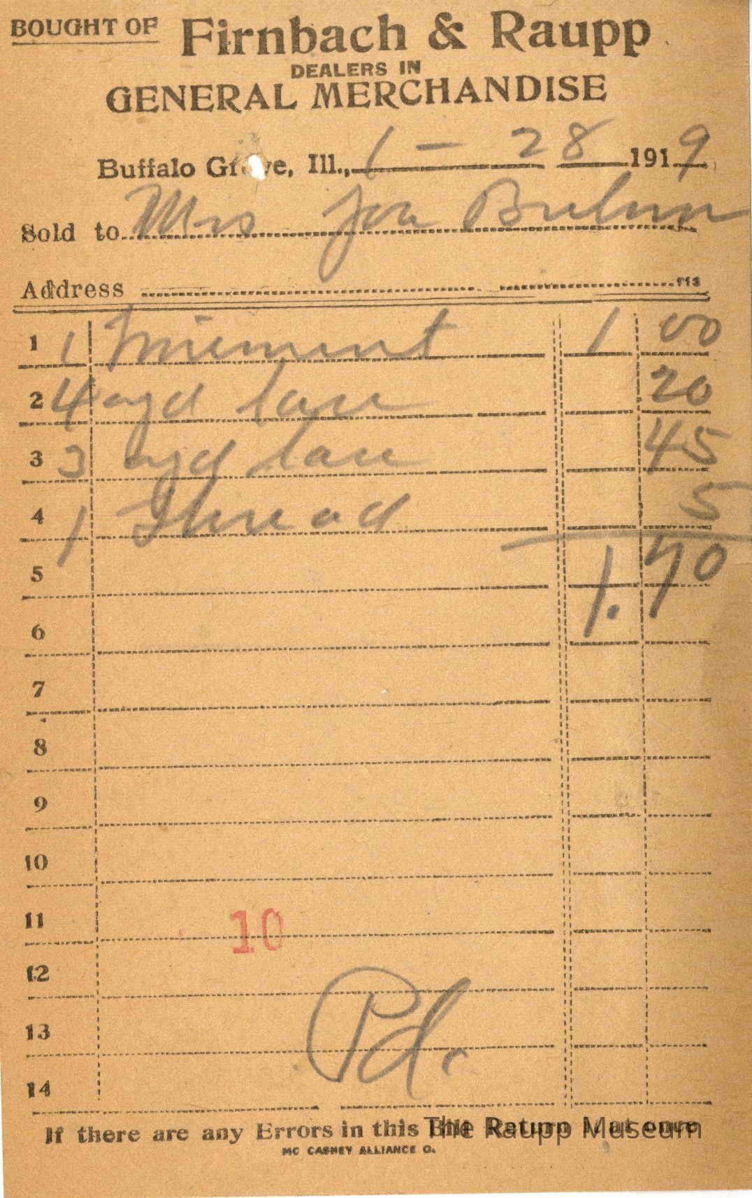 One (1) Firnbach and Raupp store receipt from January 28th, 1919. Receipt is rectangular with black printed text and handwritten notes in pencil. The receipt is for Mrs. Jua Brehm(?) who bought 1 pound of limminent(?) for $1.00, 4 yards of lace for $0.20, 3 yards of lace for $0.45, 1 thread for $0.05. Bill total was $1.70, and was paid by cash. The bill is marked as paid. There is a red stamp of "10" close to the bottom.
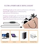 - 【USB Powered】Can be used in combination with laptop computers, PC, mobile batteries, USB chargers, and various USB interfaces. You can control the power on/off and switch to your favorite lighting mode. The length of the power cord is up to 200CM, and you can use it without hesitation, such as reading in the bedroom, working in the office, making up in the restroom, camping outdoors, and broadcasting live. The ring light is stable when the power adapter is 5V/2A.
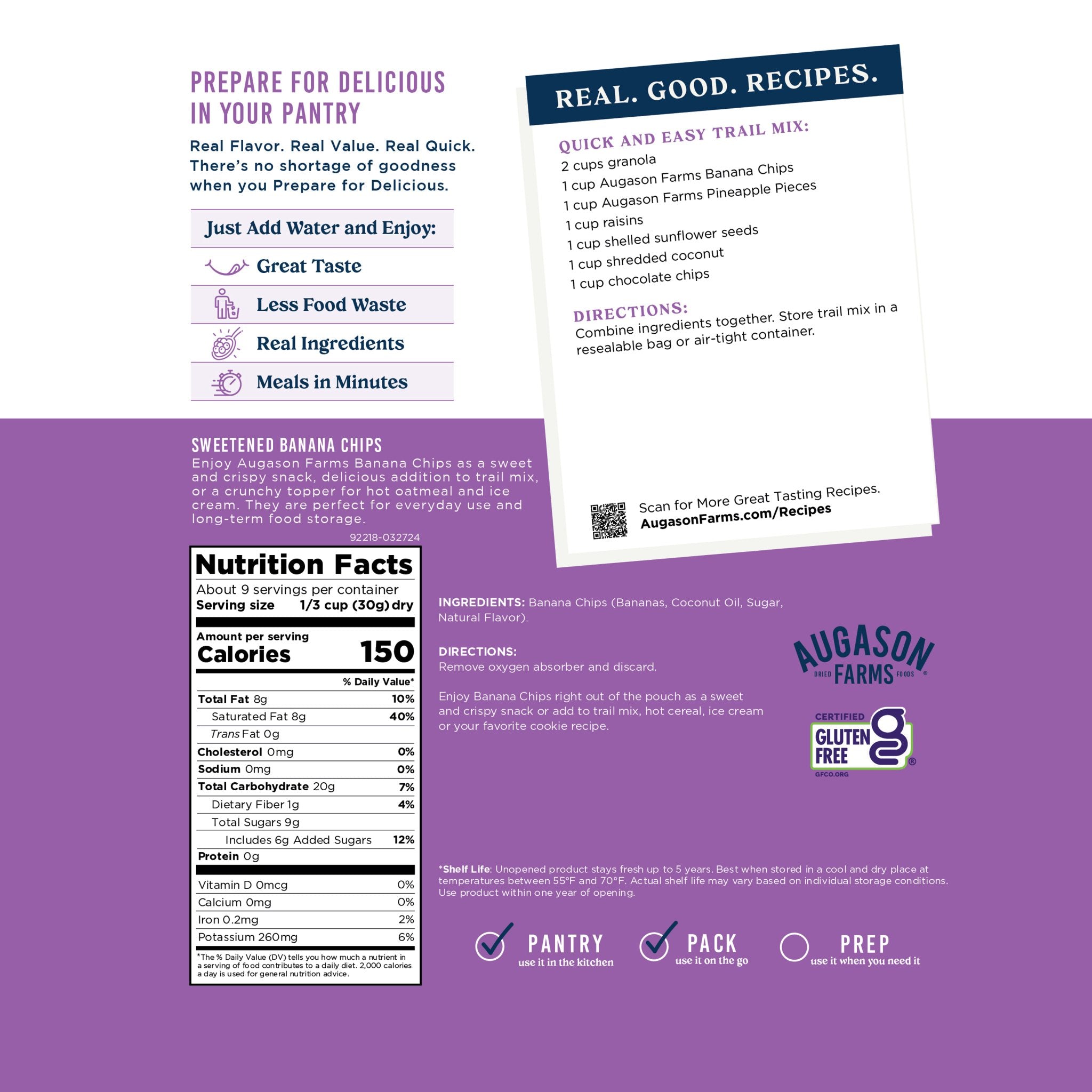 Enjoy Augason Farms Banana Chips as a sweet and crispy snack, delicious addition to trail mix, or a crunchy topper for hot oatmeal and ice cream. They are perfect for everyday use and long-term food storage
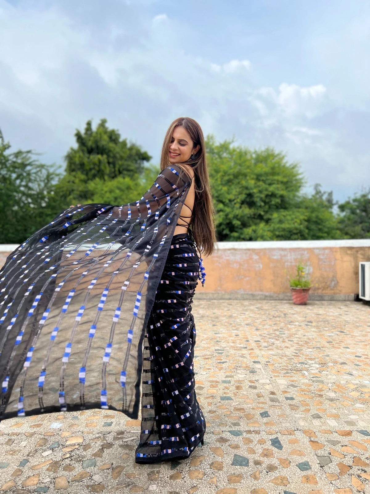 - Saree: Crafted from Georgette with intricate 5 mm sequin work, featuring a back patch support lace border with piping (Length: 5.50 Mtrs)
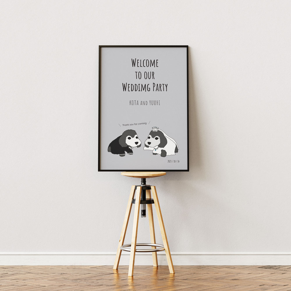 新郎新婦の大切なわんちゃんにドレスとタキシードを着せてウェルカムボードを作りました。
★ ★ ★ ★ ★ ★ ★
◆ **EXERCISE OBJECTIVE**: Exact copy, pictures excluded: restate every record above word for word.

◆ **ANSWER SECTION**:
 One (1) Firnbach and Raupp store receipt from January 28th, 1919. Receipt is rectangular with black printed text and handwritten notes in pencil. The receipt is for Mrs. Jua Brehm(?) who bought 1 pound of limminent(?) for $1.00, 4 yards of lace for $0.20, 3 yards of lace for $0.45, 1 thread for $0.05. Bill total was $1.70, and was paid by cash. The bill is marked as paid. There is a red stamp of "10" close to the bottom.
 - 【USB Powered】Can be used in combination with laptop computers, PC, mobile batteries, USB chargers, and various USB interfaces. You can control the power on/off and switch to your favorite lighting mode. The length of the power cord is up to 200CM, and you can use it without hesitation, such as reading in the bedroom, working in the office, making up in the restroom, camping outdoors, and broadcasting live. The ring light is stable when the power adapter is 5V/2A.
 Enjoy Augason Farms Banana Chips as a sweet and crispy snack, delicious addition to trail mix, or a crunchy topper for hot oatmeal and ice cream. They are perfect for everyday use and long-term food storage
 - Saree: Crafted from Georgette with intricate 5 mm sequin work, featuring a back patch support lace border with piping (Length: 5.50 Mtrs)
 新郎新婦の大切なわんちゃんにドレスとタキシードを着せてウェルカムボードを作りました。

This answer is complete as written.